### DATA EXCERPT:
--------------------------------

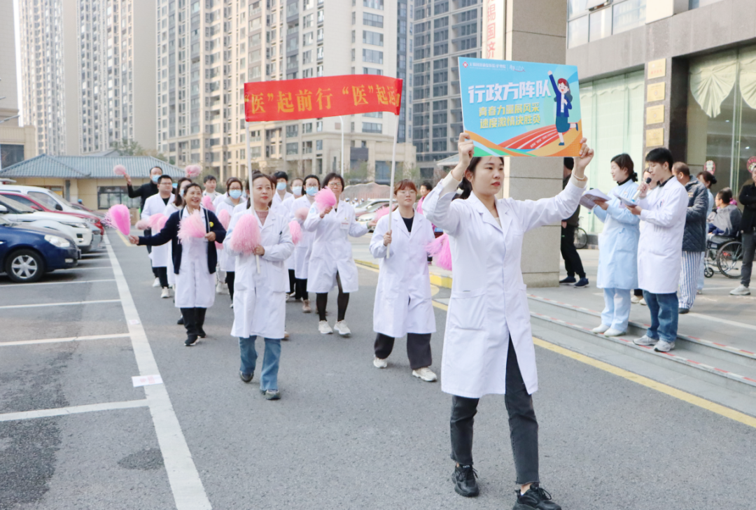 接着,来自医生方阵队、护士队、康复队、中医/医技队、行政队5个方阵代表队身着统一的服装,迈着整齐的步伐,高喊响亮的口号,通过主席台,接受院领导的检阅。
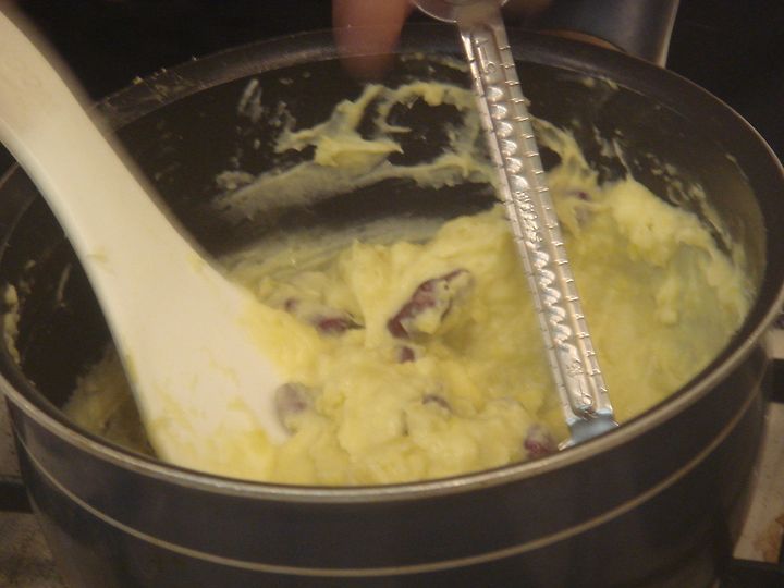 6. 푹 삶아서 냄비에서 으깬 다음 콩과 생크림을 조금 넣고 버무려준다.
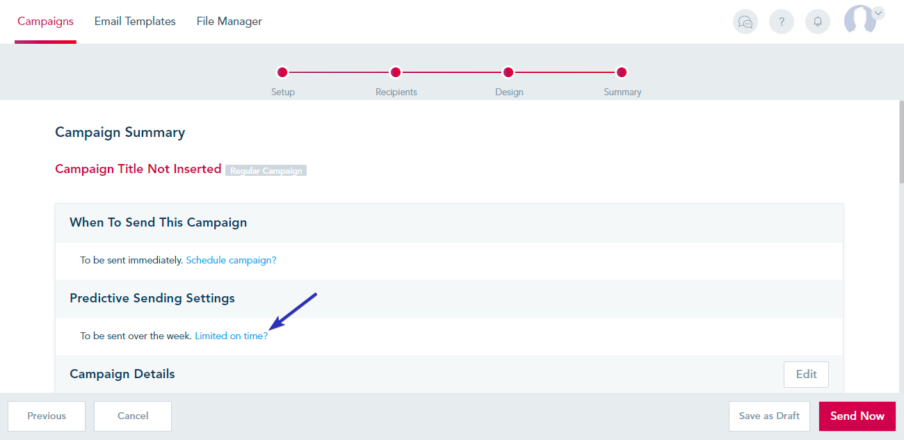 In the Summary tab, you have the option to limit the sending time of the campaign.
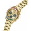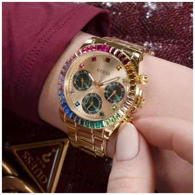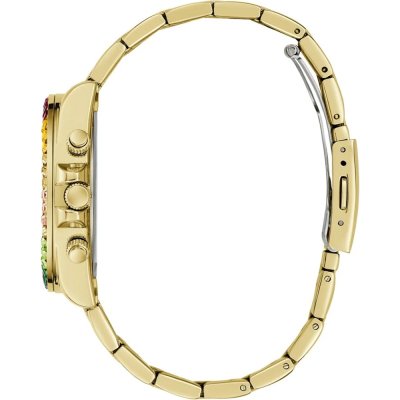 Diese Guess Uhr hat ein Edelstahl Gehäuse mit einem Durchmesser von 38 mm und ist mit einem Armband aus Edelstahl versehen.

--------------------------------

### ASSIGNED TASK:
From the material above, write out exactly the lines from the line with "In the Summary" through the closing line, inclusive, and no pictures.

### WRITTEN RESPONSE:
 In the Summary tab, you have the option to limit the sending time of the campaign.
 Diese Guess Uhr hat ein Edelstahl Gehäuse mit einem Durchmesser von 38 mm und ist mit einem Armband aus Edelstahl versehen.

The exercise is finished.